Assignment and other dealings.
- The Company may at any time assign, mortgage, charge, subcontract, delegate, declare a trust over or deal in any other manner with any or all of its rights and obligations under this Agreement, provided that it gives prior written notice of such dealing to the Referrer.
- The Referrer shall not assign, transfer, mortgage, charge, subcontract, delegate, declare a trust over or deal in any other manner with any of its rights and obligations under this Agreement without the prior written consent of the Company.
Confidentiality.
- Each party undertakes that it shall not at any time after termination or expiry of this Agreement, disclose to any person any confidential information concerning the business, assets, affairs, customers, clients or suppliers of the other party or of any member of the group of companies to which the other party belongs, except as permitted by 12.3(b).
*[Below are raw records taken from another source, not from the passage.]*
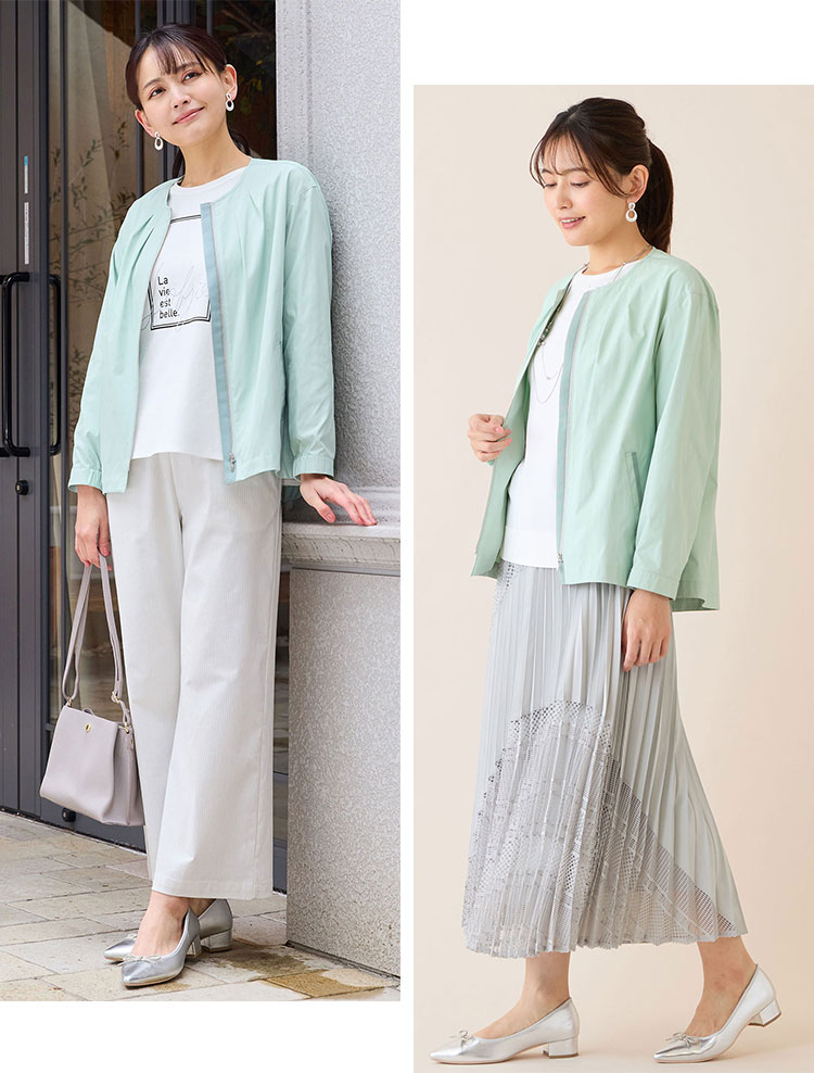 春らしいペールグリーンのほか、着まわせる定番人気のダークブルーもご用意しております。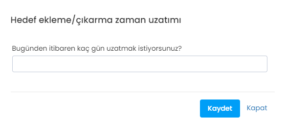 Her ne kadar hedef ekleme, çıkarma ve güncelleme zamanları dönem bazında tüm kullanıcılar için ayarlanıyor olsa da, kullanıcı bazlı olarak süre uzatımı yapabilirsin. Bunun için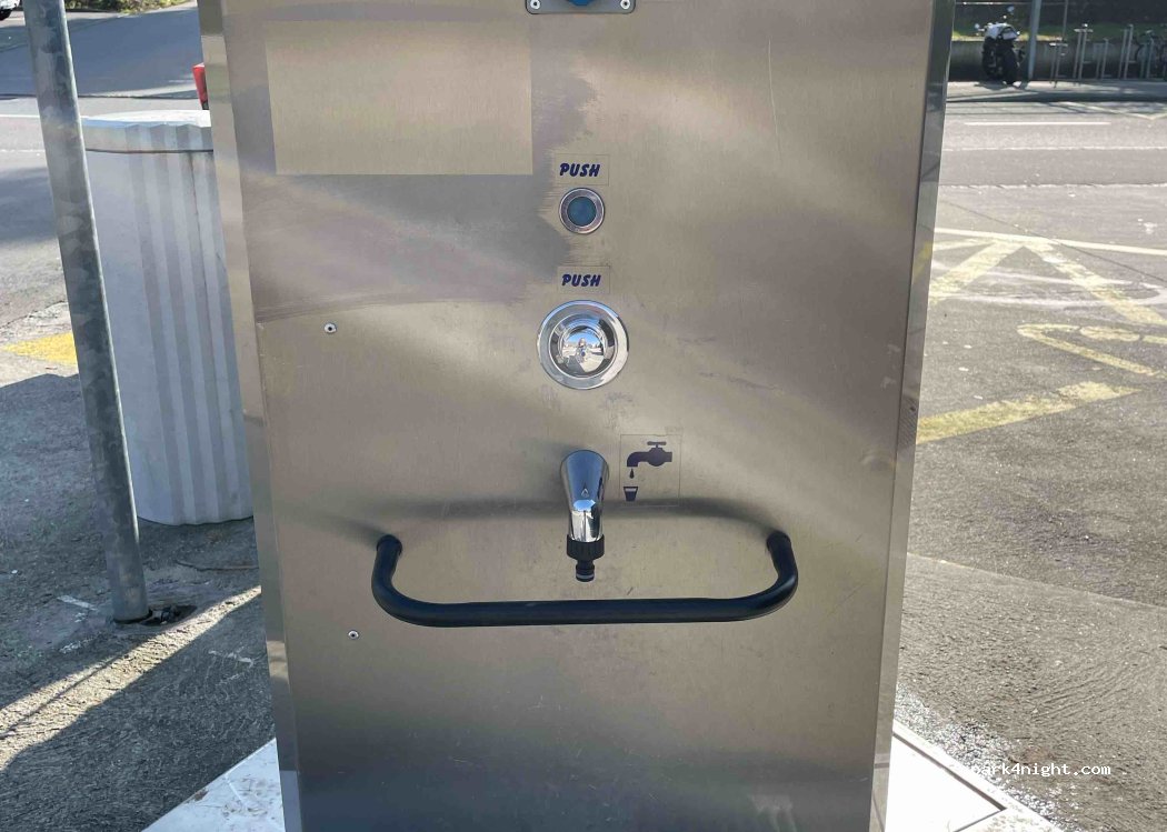 Le remplissage en eau était gratuit malgré l'affichage qui disait le contraire (je n'ai pas essayé l'électricité). Je ne me suis pas arrêtée plus longtemps mais je n'aurais pas dormi à cet endroit.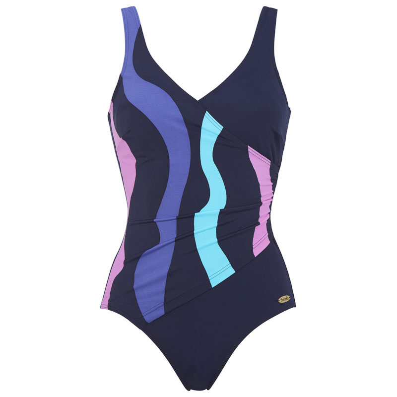 Draperingen på baddräktens framsida i kontrasterande tyg skapar en elegant och smickrande look.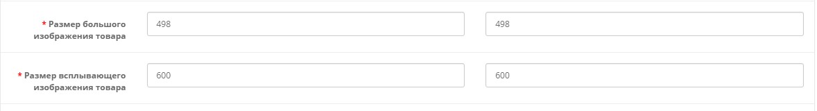 В настройках шаблона магазина у меня прописаны следующие значения для размеров изображений в карточке товара.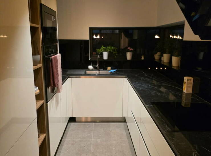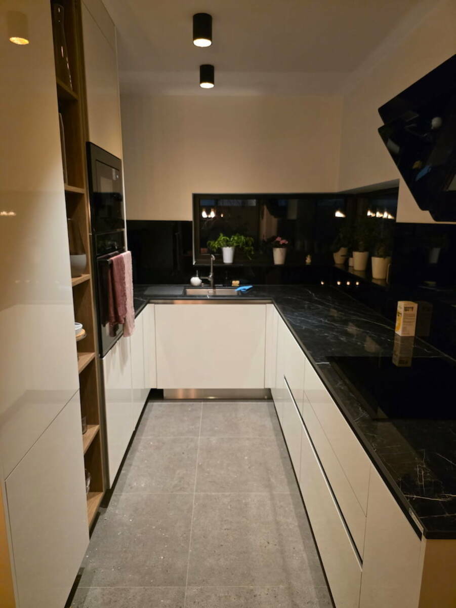 - pritličje: vstopni hodnik, dnevni wc, kabinet/delovna soba, sušilnica, velik dnevno bivalni prostor povezan z kuhinjo in z izhodom na vrt. Talna obloga je keramika.
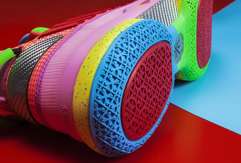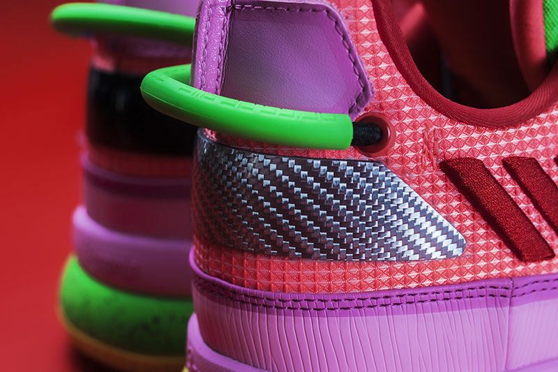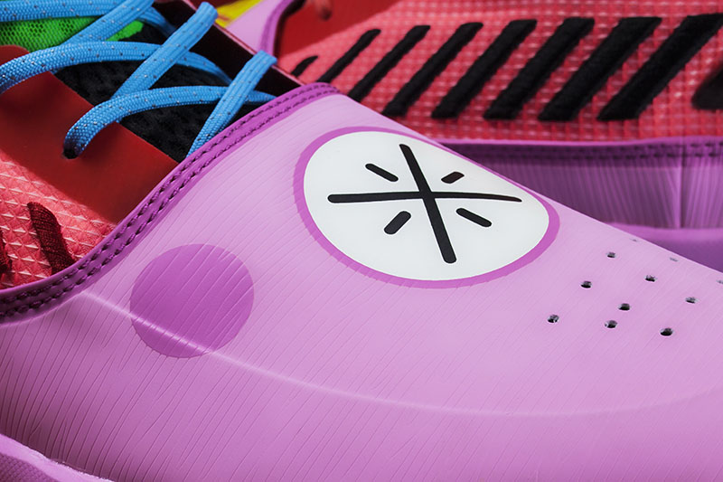 看似同样花哨的两只鞋其实有多处不对称的鸳鸯设计。从鞋带、鞋舌、Logo 到鞋底,双脚的不同色彩变幻让人眼花缭乱。

- Each party may disclose the other party’s confidential information:
- to its employees, officers, representatives, contractors, subcontractors or advisers who need to know such information for the purposes of exercising the party’s rights or carrying out its obligations under or in connection with this Agreement. Each party shall ensure that its employees, officers, representatives, contractors, subcontractors or advisers to whom it discloses the other party’s confidential information comply with this clause 11.3; and
- as may be required by law, a court of competent jurisdiction or any governmental or regulatory authority.
- No party may use any other party’s confidential information for any purpose other than to exercise its rights and perform its obligations under or in connection with this Agreement.
This agreement.
- Each party acknowledges that in entering into this Agreement it does not rely on any statement, representation, assurance or warranty (whether made innocently or negligently) that is not set out in this Agreement. Each party agrees that it has no claim for innocent or negligent misrepresentation or negligent misstatement based on any statement in this Agreement.
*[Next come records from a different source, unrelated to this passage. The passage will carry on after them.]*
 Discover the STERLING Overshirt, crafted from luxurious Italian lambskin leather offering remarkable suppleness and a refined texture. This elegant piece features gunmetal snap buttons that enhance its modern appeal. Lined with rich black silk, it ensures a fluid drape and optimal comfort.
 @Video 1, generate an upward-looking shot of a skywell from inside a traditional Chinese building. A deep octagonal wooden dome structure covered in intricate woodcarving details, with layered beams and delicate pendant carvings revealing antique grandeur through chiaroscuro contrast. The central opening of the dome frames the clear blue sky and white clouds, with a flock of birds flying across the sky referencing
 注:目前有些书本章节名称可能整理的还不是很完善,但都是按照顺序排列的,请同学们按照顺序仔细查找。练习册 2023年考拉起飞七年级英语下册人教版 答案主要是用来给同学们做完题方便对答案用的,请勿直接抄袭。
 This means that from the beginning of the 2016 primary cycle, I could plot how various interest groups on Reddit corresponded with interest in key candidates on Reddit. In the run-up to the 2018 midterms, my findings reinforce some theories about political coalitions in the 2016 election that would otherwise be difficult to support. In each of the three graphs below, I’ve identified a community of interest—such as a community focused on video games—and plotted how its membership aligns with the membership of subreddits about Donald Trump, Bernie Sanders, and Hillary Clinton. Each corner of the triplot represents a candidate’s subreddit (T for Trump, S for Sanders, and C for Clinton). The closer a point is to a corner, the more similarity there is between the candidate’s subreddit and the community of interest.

- Nothing in this Agreement creates any partnership, agency, employment, or joint venture relationship between the parties.
Waiver.
- A waiver of any right or remedy is only effective if given in writing and shall not be deemed a waiver of any subsequent right or remedy.
- A delay or failure to exercise, or the single or partial exercise of, any right or remedy does not waive that or any other right or remedy, nor does it prevent or restrict the further exercise of that or any other right or remedy.
Severance.
- If any provision or part-provision of this Agreement is or becomes invalid, illegal or unenforceable, it shall be deemed deleted, but that shall not affect the validity and enforceability of the rest of this Agreement.
- If any provision or part-provision of this Agreement is deemed deleted under 12.7(a), the parties shall negotiate in good faith to agree a replacement provision that, to the greatest extent possible, achieves the intended commercial result of the original provision.
Third party rights.
- This Agreement does not give rise to any rights under the Contracts (Rights of Third Parties) Act 1999 to enforce any term of this Agreement.
- The rights of the parties to rescind or vary this Agreement are not subject to the consent of any other person.
Governing law. This Agreement and any dispute or claim (including non-contractual disputes or claims) arising out of or in connection with it or its subject matter or formation shall be governed by and construed in accordance with the law of England and Wales.
Jurisdiction. Each party irrevocably agrees that the courts of England and Wales shall have exclusive jurisdiction to settle any dispute or claim (including non-contractual disputes or claims) arising out of or in connection with this Agreement or its subject matter or formation.